In 1711 he returned to the Continent where he is said to have witnessed the siege of Douay (1712) as chaplain to an English regiment; certainly he wrote in that character a short History of the English College at Douay (1713) which purported to be by a Protestant chaplain. As it attacked the Jesuits, Father Thomas Hunter published his "Modest Defence" (1714), to which Dodd replied in The Secret Policy of the English Society of Jesus (1715).
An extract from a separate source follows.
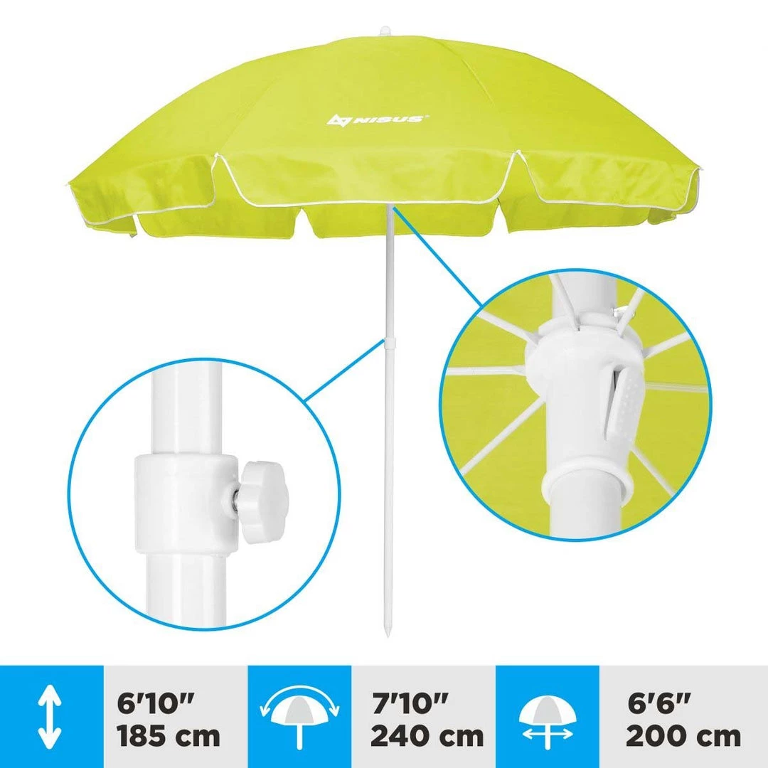 - CHOICE OF SIZE – The NISUS beach outdoor umbrellas are made for the bright outdoor life with bright colors and multiple sizes so that you can pick what fits your needs. The pool umbrellas come in an eye-catching lime color to brighten your afternoon. The color makes it easier to spot it from the sea, so you are not lost in a crowd. Â

From 1716 he was again at Mosborough till 1718, when he returned to Douay to collect materials for his magnum opus The Church History of England from 1500 to 1688, which occupied him for twenty years. The work was written at Harvington Hall, Worcestershire, where he resided from 1722 till his death, first as assistant chaplain, then (from 1726) as chaplain to Robert Throckmorton.

During his sojourn abroad he wrote and published Pax Vobis: An Epistle to the Three Churches (London, 1721); and while at Harvington he composed several spiritual, controversial, and historical treatises most of which have never been published. Many of these MSS. are preserved at St Mary's College, Oscott. Those certainly published were: Certamen Utriusque Ecclesiae (1724); An Abridgment of Christian Doctrine (s.d.) and Flores Cleri Anglo-Catholici (s.d.)

After many years' labour the Church History was completed in three folio volumes published in 1737, 1739, and 1742 at Wolverhampton, though for prudential reasons Brussels appears on the title-page. Father John Constable, S.J., attacked the work as unfair to the Jesuits, and Dodd replied in An Apology for the Church History of English, published in 1742. On his death-bed Dodd expressed his desire to die in peace with the Jesuits.

The Church History presented an important alternative view of history, and its primary source documents in the appendices provided a valuable resource for later historians. John Lingard was a subscriber for one of the later editions.